Administrasi publik terdiri dari dua kata, yaitu administrasi dan publik. Administrasi diartikan sebagai kegiatan atau kerjasama dalam rangka mencapai tujuan yang telah ditentukan atau diarahkan. Definisi lainnya yang bisa diajukan adalah kegiatan implementasi kebijakan.

Sedangkan publik bisa diartikan sebagai negara, klien, konsumen, warga masyarakat, dan kelompok kepentingan. Tetapi dalam wacana di Indonesia lebih berkembang administrasi publik disamakan dengan administrasi negara.

Dari pengertian dua kata tersebut, maka administrasi publik bisa diartikan sebagai sebuah proses menjalankan keputusan/kebijakan untuk kepentingan negara, warga masyarakat. Terdapat pengertian yang singkat, administrasi publik merupakan metode pemerintahan negara (proses politik) administration of publik, for public dan by public. Dengan demikian administrasi publik merupakan proses pemerintahan publik, untuk publik dan oleh publik.
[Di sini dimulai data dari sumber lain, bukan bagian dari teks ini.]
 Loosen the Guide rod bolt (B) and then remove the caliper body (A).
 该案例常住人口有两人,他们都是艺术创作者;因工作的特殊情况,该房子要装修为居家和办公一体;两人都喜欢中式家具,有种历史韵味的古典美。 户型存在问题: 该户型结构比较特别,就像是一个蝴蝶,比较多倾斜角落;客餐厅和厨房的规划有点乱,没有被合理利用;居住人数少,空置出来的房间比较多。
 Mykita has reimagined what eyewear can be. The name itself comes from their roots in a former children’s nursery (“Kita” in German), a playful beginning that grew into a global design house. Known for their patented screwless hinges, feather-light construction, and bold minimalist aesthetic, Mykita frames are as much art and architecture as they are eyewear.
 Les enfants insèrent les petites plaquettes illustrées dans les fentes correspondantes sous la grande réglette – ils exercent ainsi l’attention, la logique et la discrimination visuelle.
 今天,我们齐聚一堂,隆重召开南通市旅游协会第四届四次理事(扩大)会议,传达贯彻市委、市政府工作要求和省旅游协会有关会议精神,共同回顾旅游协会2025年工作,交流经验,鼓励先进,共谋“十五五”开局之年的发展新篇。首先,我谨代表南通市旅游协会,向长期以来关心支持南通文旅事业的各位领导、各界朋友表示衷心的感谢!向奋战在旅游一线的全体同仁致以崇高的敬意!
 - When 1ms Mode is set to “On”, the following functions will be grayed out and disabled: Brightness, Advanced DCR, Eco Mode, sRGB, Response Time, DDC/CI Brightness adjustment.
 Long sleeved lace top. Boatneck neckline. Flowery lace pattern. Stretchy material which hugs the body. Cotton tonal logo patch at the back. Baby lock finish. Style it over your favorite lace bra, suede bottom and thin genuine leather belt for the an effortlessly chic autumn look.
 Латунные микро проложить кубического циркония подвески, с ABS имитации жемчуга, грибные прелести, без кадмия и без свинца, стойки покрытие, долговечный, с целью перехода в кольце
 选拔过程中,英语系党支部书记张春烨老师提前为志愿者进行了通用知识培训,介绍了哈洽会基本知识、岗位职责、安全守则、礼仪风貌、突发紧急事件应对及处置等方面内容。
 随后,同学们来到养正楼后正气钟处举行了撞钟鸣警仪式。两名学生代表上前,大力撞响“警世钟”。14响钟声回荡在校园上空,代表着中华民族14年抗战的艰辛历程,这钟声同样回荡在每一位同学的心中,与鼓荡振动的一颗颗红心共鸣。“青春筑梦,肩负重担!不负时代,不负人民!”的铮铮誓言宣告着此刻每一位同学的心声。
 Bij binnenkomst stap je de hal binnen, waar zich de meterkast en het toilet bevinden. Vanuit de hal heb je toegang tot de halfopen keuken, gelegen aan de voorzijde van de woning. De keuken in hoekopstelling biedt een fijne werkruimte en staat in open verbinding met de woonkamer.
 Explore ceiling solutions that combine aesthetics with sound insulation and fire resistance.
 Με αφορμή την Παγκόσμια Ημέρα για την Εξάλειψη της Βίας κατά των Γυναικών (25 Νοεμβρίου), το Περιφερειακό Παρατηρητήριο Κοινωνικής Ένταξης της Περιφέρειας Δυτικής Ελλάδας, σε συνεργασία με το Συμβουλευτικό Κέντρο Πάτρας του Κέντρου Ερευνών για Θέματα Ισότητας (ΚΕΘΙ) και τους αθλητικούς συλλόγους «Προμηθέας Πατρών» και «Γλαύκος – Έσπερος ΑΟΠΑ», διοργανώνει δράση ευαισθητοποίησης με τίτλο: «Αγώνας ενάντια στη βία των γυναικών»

Administrasi publik berbeda dengan ilmu manajemen. Tidak seperti ilmu manajemen yang mengkaji mengenai cara mengelola organisasi swasta, administrasi publik mempelajari tentang organisasi pemerintah/ publik. Yang termasuk dalam kajian administrasi publik diantaranya:

  • Perilaku birokrasi
  • Manajemen sumber daya manusia
  • Tata laksana pemerintahan
  • Implementasi kebijkakan pemerintah

Pengertian Administrasi Publik Menurut Para Ahli

Administrasi Publik
Administrasi Publik

Untuk memudahkan kita dalam mengerti apa arti administrasi publik, maka kita bisa merujuk pada pendapat beberapa ahli. Di bawah ini adalah definisi Administrasi Publik (Public Administration) menurut para ahli:

Dr. H. Amin Ibrahim

Menurut Dr. H. Amin Ibrahim pengertian administrasi publik adalah seluruh upaya penyelenggaraan pemerintah yang meliputi kegiatan manajemen pemerintah (perencanaan, pengorganisasian, pelaksanaan, dan pengawasan terhadap pembangunan) dengan sebuah mekanisme kerja serta dukungan sumber daya manusia.

Nicholas Henry

Menurut Nicholas Henry pengertian administrasi publik adalah suatu kombinasi yang kompleks antara teori dan praktek, dengan tujuan mempromosikan pemahaman terhadap pemerintah dalam hubungannya dengan masyarakat yang diperintah, dan juga mendorong kebijakan publik agar lebih responsive terhadap kebutuhan sosial.

Dwight Waldo

Menurut Dwight Waldo definisi administrasi publik adalah manajemen yang dilakukan dalam suatu organisasi dari manusia-manusia dan peralatannya untuk mencapai tujuan pemerintah.

Harbani Pasolong

Menurut Harbani Pasolong administrasi publik adalah suatu kerjasama yang dilakukan oleh sekelompok orang atau lembaga dalam melaksanakan tugas-tugas pemerintahan untuk memenuhi kebutuhan publik secara efektif dan efisien.

Nigro

Menurut Nigro, pengertian administrasi publik adalah suatu kerjasama kelompok dalam lingkungan publik, yang mencakup dalam tiga cabang, yakni lembaga Yudikatif, Legislatif, dan lembaga eksekutif yang bekerjasama dalam upaya menciptakan kesejahteraan publik.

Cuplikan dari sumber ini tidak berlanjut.